The effects of Malassezia in the activation of Interleukin (IL)-23/IL-17 axis in Psoriasis.

New Microbiol

Department of Laboratory, Yantaishan Hospital, Yantai City, ShanDong Province, 264000, China

Published: April 2022

We explore the association of Malassezia and IL-23/IL-17 axis in the skin lesions of patients with Psoriasis. From October 2018 to October 2020, 202 psoriasis patients were hospitalized in the dermatology department of Yantaishan hospital. The patients' skin lesions were collected, and Malassezia-specific mRNA in the skin lesions was determined. The patients were subdivided into Malassezia high and low distribution groups as per the Malassezia-specific mRNA results. Psoriasis Area and Severity Index (PASI) scores between the two groups were performed. LL-37, IL-23, IL-17A, and tumor necrosis factor α (TNF-α) expression in the skin lesions of the two groups were determined. Malassezia mRNA and the correlation of LL-37 with inflammatory factors TNF-α, IL-23, and IL-17A were determined. The relevance of inflammatory factors, Malassezia infection, and LL-37 content with PASI score were studied.

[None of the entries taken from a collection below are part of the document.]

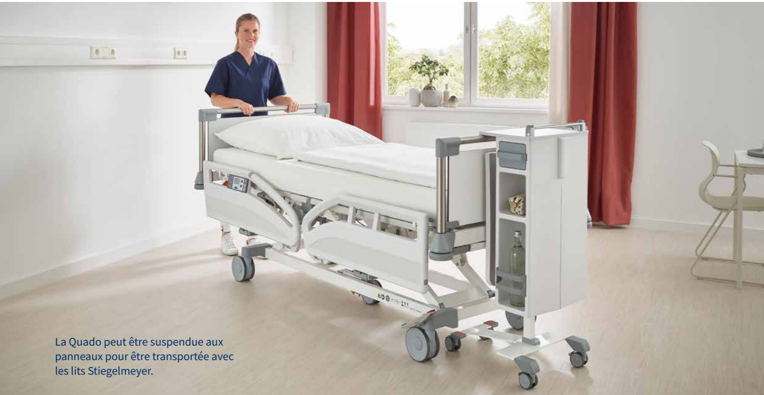
La Quado peut être suspendue aux panneaux pour être transportée avec les lits Stiegmeyer.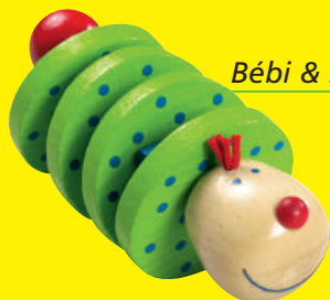
Bébi & kisgyermekjátékok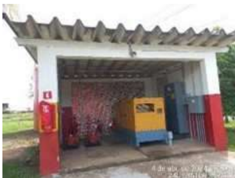
Imagem 2: Casa de bombas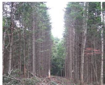
列状間伐実施後の林内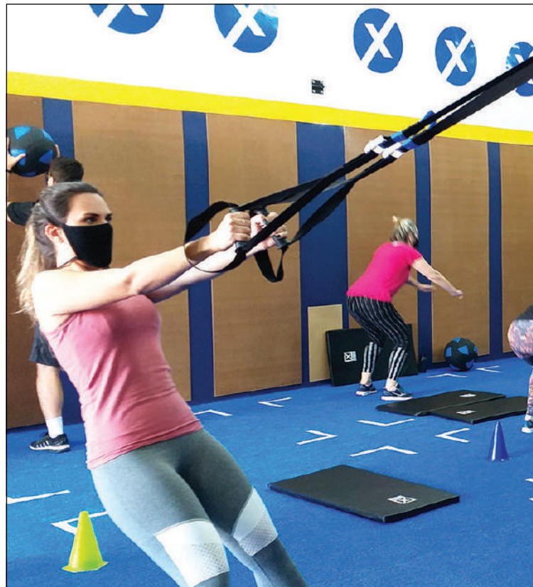
Na Cross Experience, atividades mesclam exercícios aeróbicos e de força para garantir mais resultados e qualidade de vida

Com todos os cuidados contra a Covid-19, a Cross Experience São Bernardo promove aulas dinâmicas, motivacionais e com segurança, sempre acompanhadas de um profissional habilitado de Educação Física.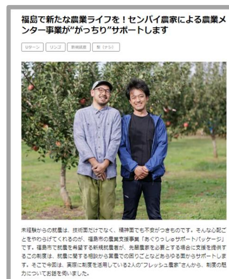
令和6年度 ◀ 掲載例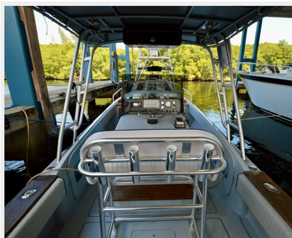
26 STRIKE 2023 HELM AREA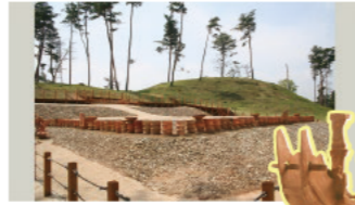
宝塚1号墳 (松阪市)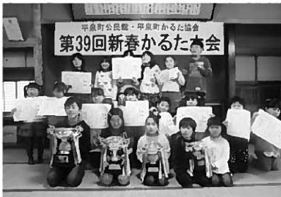
最後まで頑張りました!

第39回新春かるた大会を2月11日、芭蕉館2階大広間(4号線沿い)で開催しました。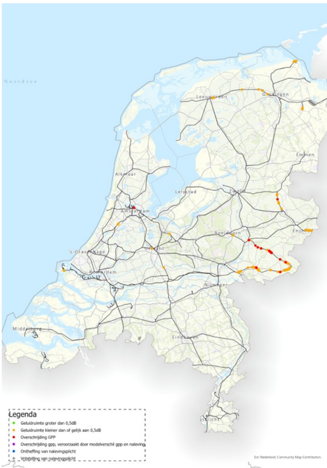
Figuur 1: Landelijk beeld van gpp-overschrijdingen en baanvakken met een krappe geluidruimte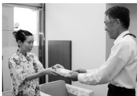
日下教育長に本を手渡すはないさん（左）

「赤い月・青い月」は、月からやって来たウサギが人間に姿を変え地球の女の子と恋に落ちるといふファンタジー。備前市伊部の備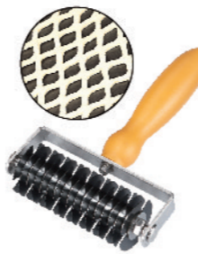
SN4216 不锈钢拉网刀(1000系列不沾) 193x138x44mm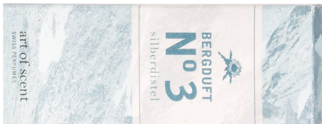
Parfum : Bergduft N°3 Silberdistel art of scent, 50 ml / CHF 79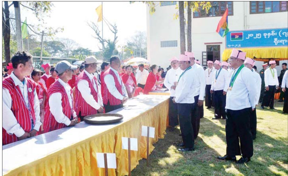
နိုင်ငံတော်စီမံအုပ်ချုပ်ရေးကောင်စီအဖွဲ့ဝင် ဒုတိယဝန်ကြီးချုပ်နှင့် ပြည်ထောင်စုဝန်ကြီး ဗိုလ်ချုပ်ကြီး တင်အောင်စန်း (၇၃)နှစ်မြောက် ကယားပြည်နယ်နေ့ အခမ်းအနား တက်ရောက်လာကြသည့် ဒေသခံတိုင်းရင်းသားများအား ရင်းရင်းနီးနီးနှုတ်ဆက်စဉ်။

နှင့် ဒေါတမရပ်ကွက်ရှိ ဘူတာ လမ်း ကတ္တရာကွန်ကရစ်လမ်းသစ် ဖွင့်ပွဲသို့ တက်ရောက်ရာ ဒုတိယ ဝန်ကြီးချုပ်နှင့် ပြည်ထောင်စု ဝန်ကြီးက ဘူတာလမ်း ကတ္တရာ ကွန်ကရစ်လမ်းသစ် ဖွင့်ပွဲမှစဉ်း ကို စက်လှေတံတိုင်းပွင့်လှစ်ပေးပြီး အကအဖွဲ့များကို ဂုဏ်ပြုချီးမြှင့် ငွေများ ပေးအပ်၍ လမ်းသစ်ကို ဖြတ်သန်းကြည့်ရှုကာတက်ရောက် လာသော တိုင်းရင်းသားရိုးရာ အကအဖွဲ့များနှင့် ဒေသခံပြည်သူ များအား ရင်းရင်းနီးနီးနှုတ်ဆက် ကြသည်။ ယင်းနေ့က လှိုင်ကော်မြို့ တည်ဆောက်ဆဲ သီရိမင်္ဂလာ ဈေးသစ်လုပ်ငန်းများ ဆောင်ရွက် နေမှု၊ လုပ်ငန်းပြီးစီးမှုအခြေအနေ များကို လှည့်လည်ကြည့်ရှုပြီး ဒုတိယဝန်ကြီးချုပ်နှင့် ပြည် ထောင်စုဝန်ကြီးက အဆင့်မြင့် ဈေးသစ် တည်ဆောက်ခြင်းနှင့် စပ်လျဉ်း၍ လိုအပ်သည်များ မှာကြားသည်။ ဆက်လက်၍ လှိုင်ကော်မြို့ ခုတင် ၅၀၀ ဆံ့ ပြည်နယ်ပြည်သူ့ ဆေးရုံကြီး၌ ကျန်းမာရေးဝန်ထမ်း များနှင့်တွေ့ဆုံပြီး ဒုတိယဝန်ကြီး ချုပ်နှင့် ပြည်ထောင်စုဝန်ကြီးနှင့် တာဝန်ရှိသူများက ဆေးပဒေသာ

The Malassezia high distribution group was treated with etoconazole, and the effects of treatment on the PASI score, IL-23, TNF-α, and IL-17A were determined. The PASI score, neutrophil, eosinophil, and peripheral blood white blood cell counts, and lgG in the Malassezia high distribution group were significantly higher than in the low distribution group (P<0.05). IL-23, LL-37, TNF-α, and IL-17A levels in the Malassezia high distribution group were significantly higher than in the low distribution group (P<0.05). Malassezia and LL-37 levels had a moderate positive correlation (R=0.5009, P<0.0001). Malassezia and LL-37, IL-17A, TNF-a, and IL- 23 correlated positively. Malassezia, IL-17A, LL37, TNF-a, and IL-23 correlated positively with the PASI score of Psoriasis. Ketoconazole therapy inhibited the PASI score, IL-23, TNF-a, and IL-17A expressions in patients. Malassezia enhances the progression of Psoriasis through the aberrant activation of the IL-23/IL-17 axis.